More Value Added Comparisons

Someone who professes to understand Value-Added scores better than me claims that my graphs for NYC are meaningless because the scores for 2007 were inflated; he claimed that the overall year-to-year and year-to-career value-added correlation coefficients are much higher than what I found — thus, VA is really useful, just not my particular graphs..

Taking this objection seriously, I decided to leave out SY 0607, and compare SY 0506 to SY 0708. Same exact teachers, same exact subjects and grade levels, same exact schools, obviously different (but quite similar) kids.

Here is the scatterplot of what I found. Again, I asked Excel to calculate a line of best fit, and it drew it. Notice that the r-squared correlation value is about 0.05 — seriously LOW. Notice also that this scatterplot is basically a blob again, again a classic example of one variable showing very little correlation with another. (West Virginia’s map has a much more defined shape!) In any case, there are lots (hundreds? thousands?) of teachers with positive VA scores in the first year and negative VA scores the third year, and vice-versa. Only an easily countable handful of teachers have scores of +0.2 or better both years, or worse than -0.2 both years. Out of all of the thousands of teachers. And I bet those are all accidents as well.

So, in other words, I find, as did Gary Rubenstein, that there is extremely little correlation between two things that should be, you would think, very close to a perfect 1.00 correlation. (In the real world, of course, you almost never get a 1.00 correlation between any real entities or quantities. However, when you are talking about the scores of teachers who have been teaching IN THE SAME SCHOOL, THE SAME SUBJECT, THE SAME GRADE LEVEL for three straight years, then you would think that their performances would be rather similar all three years. If anything, they would normally get better unless they had suffered some sort of physically or mentally debilitating injury or illness (often from old age and the incredible amount of stress). In particular, a lot of teachers will admit to you that they absolutely sucked at teaching during their first year, but that they then figured out a lot of those errors and tried not to make the same ones the next year, so they really improved, or else they quit.
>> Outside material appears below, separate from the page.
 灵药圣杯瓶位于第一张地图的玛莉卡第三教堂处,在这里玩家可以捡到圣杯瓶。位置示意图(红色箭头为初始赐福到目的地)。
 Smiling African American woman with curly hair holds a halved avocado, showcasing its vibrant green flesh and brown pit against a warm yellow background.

But these folks didn’t quit. These are at the very least three-year veterans, which in DC would make them eligibility for department or grade level chair at their school as a result of seniority alone, since so many of the older teachers have quit or retired, and the turnover and attrition over the last few years among the newest hires in our school system is probably unprecedented in the history of education. (Perhaps not, but it’s a subject I’d like to pursue.)
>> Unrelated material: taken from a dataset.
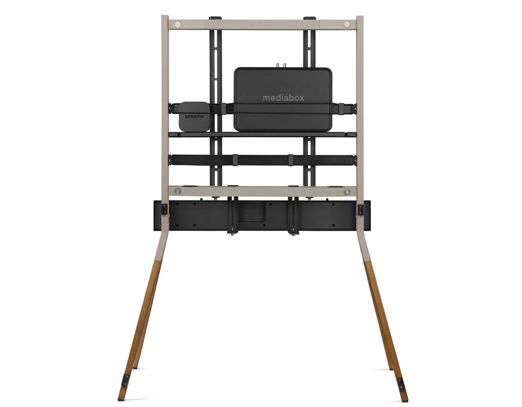 Our stylish TV Stand allows you to mount your 32-65” TV without the need to drill holes. Handmade from real wood, it will give a modern look to your interior. This free-standing Tripod is height adjustable and features 360° swivel functionality.

Finally, while I admit that I exaggerated a bit (for effect) when I said that the shapes of these graphs, and the very low computed values for the r-squared coefficient of linear correlation, made value-added about as predictive as numerology. I thought about that particular exaggeration and wondered how serious it was. So, even though I have participated in a fairly large number of courses on calculating probabilities and distribution, it’s always a bit fraught with error: Have we counted all of the possibilities? Have we left any out? Have we double-counted any of them? Is there a much better, faster, or less error-prone method hidden right around the corner?
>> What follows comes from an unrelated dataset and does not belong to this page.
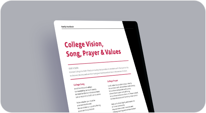 6 | gleeson.sa.edu.au Family Handbook Amid the hills and valleys. Surrounded by so much beauty. We look for Christ in those we meet. Let us respond to God’s call to serve. To be a leader you must be a servant to the rest. We can drink our cup of suffering as we are truly blessed. Chorus For with one heart we seek the truth. With one heart we search for peace. With one heart we strive for justice. United with one heart. We respect each other’s dignity. To live our lives in harmony. We walk in the shadow of the cross. Let us respond to God’s call to love. To be a leader you must be a servant to the rest. We can drink our cup of suffering as we are truly blessed. Chorus Lord, make me a student of your World, let us show truth, where there is dishonesty, let us show compassion and justice, where there is pain and suffering, let us show service to others, for those in need, let there be peace and harmony in our school. Help us to show dignity and respect to all in our community. May we show pride in success and lifelong learning and continue to have pursuit of excellence. Bless Gleeson College as a place where we all belong to a faith‐filled community with you as our teacher. Together We Pray Response: With One Heart Amen College Vision, Song, Prayer & Values OUR VISION Gleeson College is a faith-filled community that provides its members with the opportunity to discover, develop and use their God-given talents and abilities in the service of others. College Song College Prayer

So I decided to see whether, in fact, the number of letters in the teachers’ names had any correlation with their Value Added scores. (I thought it was possible, tho not very likely.) I discovered that Excel found the r-squared constant was about 0.000000. That is zero correlation, my friends. Here is one such scatterplot:

The vertical axis, which goes up the middle, is the number of letter in the teachers’ first name times the number of letters in their last name as listed in the spreadsheet. The horizontal axis, which is at the bottom of the page, is their 2005-2006 value-added score, which can be either negative (theoretically bad) or positive (supposedly good). To me, it sort of looks like bush that hasn’t been pruned in several years – a classic case of no correlation at all.

I asked Excel to draw and calculate the line of best fit. It’s the green, nearly-horizontal line near the center of the graph. Notice the r-squared value: 6E-05, which for all of you innumerates out there, means 0.00006, which is seriously smaller (three orders of magnitude smaller) than 0.05; i.e., one-thousandth as big.

Notice that I’m only using r-squared. Someone objected that i should use just r. If you want, take the square root of all of the correlations I had my computer calculate, and you’ll get r. Compare and contrast.

So, in any case, I definitely did exaggerate.

Where the data came from

I neglected to give the source for the data for my last two posts. It’s at the website for what looks like a NYC radio or TV station:–2007-2010-nyc-teacher-performance-data#doereports


if you prefer it shorter.

I will warn you that some of the spreadsheets are quite large.

BTW, I just now did a graph showing how well New York City does at predicting the value-added scores of its teachers for school year 2007-2008. The answer seems to be, not very well. Here is the scatter plot:

The correlation is, again, close to zero, even though NYC’s department of assessment and numerology has done their best to try to get it right. In fact, even though the line of best fit doesn’t fit very well, you notice that it slopes downwards to the right. That means that with kids who are predicted to improve relative to the previous year, teachers’ value-added scores are, in general, lower than predicted; whereas with kids who are predicted to do worse than the previous year, teachers’ value-added scores are, in general, a tad higher than predicted.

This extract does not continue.